• Source data:

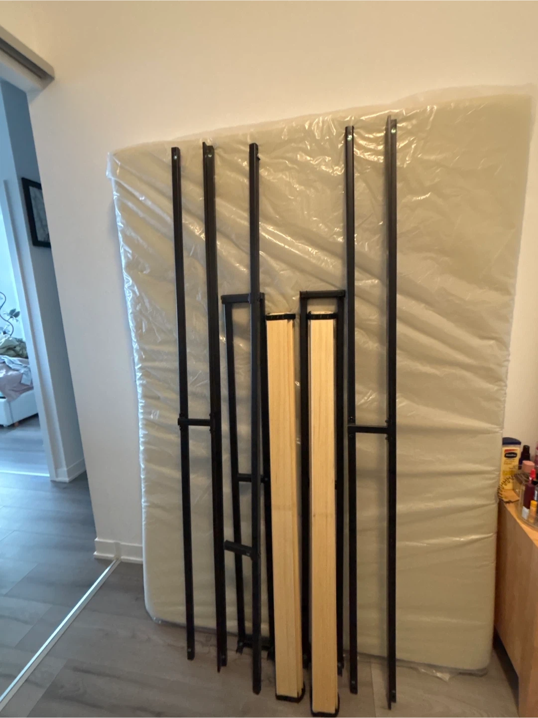 65Selling a double/ full size bed frame along with mattress . It's in great condition and ready for a new home! Moving sale. CASH ONLY. Pick up in Oakville. 1. Mattress has removable and washable cover. Mattress thickness= 14cm For Sale= $50 2. Black Bedframe can be disassembled for transportation . L= 191 cm B= 137 cm H= 15cm For sale = $80 3. Both mattress + bed frame=$120 The mattress has been packed and the bed-frame disassembled for transportation (as shown in the last pic)
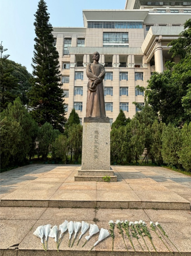 天朗气清,惠风和畅,英国上市官网365首任董事长马君武的雕像更显宏伟沉静。在教工第一党支部书记张明老师的带领下,两个支部的党员依次上前,怀着崇敬之情,在马君武董事长雕像前献上白菊花,深深鞠躬,表达对先贤的缅怀和追思。
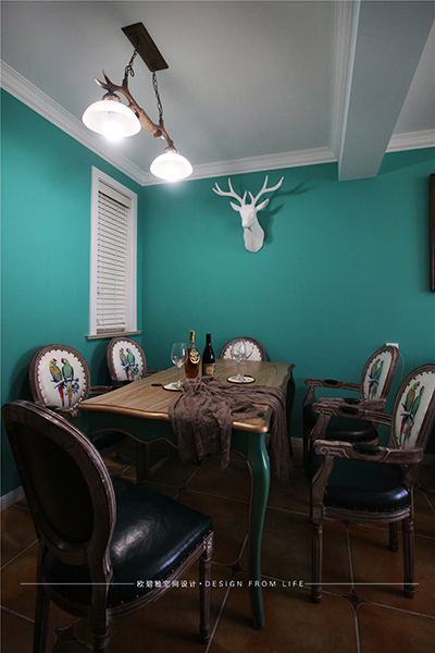 本案的設(shè)計營造浪漫、自由、高雅的古典風(fēng)格,給人帶來自然舒適、悠然輕松的生活情趣。墻壁上的鹿角和吊燈搭配著古典的美式家具,豐富了空間的視覺效果,呈現(xiàn)出了美式的自由豪爽。

• What the task asks:
What you return should match the material word for word, apart from the pictures.

• Result of this task:
 65Selling a double/ full size bed frame along with mattress . It's in great condition and ready for a new home! Moving sale. CASH ONLY. Pick up in Oakville. 1. Mattress has removable and washable cover. Mattress thickness= 14cm For Sale= $50 2. Black Bedframe can be disassembled for transportation . L= 191 cm B= 137 cm H= 15cm For sale = $80 3. Both mattress + bed frame=$120 The mattress has been packed and the bed-frame disassembled for transportation (as shown in the last pic)
 天朗气清,惠风和畅,英国上市官网365首任董事长马君武的雕像更显宏伟沉静。在教工第一党支部书记张明老师的带领下,两个支部的党员依次上前,怀着崇敬之情,在马君武董事长雕像前献上白菊花,深深鞠躬,表达对先贤的缅怀和追思。
 本案的設(shè)計營造浪漫、自由、高雅的古典風(fēng)格,給人帶來自然舒適、悠然輕松的生活情趣。墻壁上的鹿角和吊燈搭配著古典的美式家具,豐富了空間的視覺效果,呈現(xiàn)出了美式的自由豪爽。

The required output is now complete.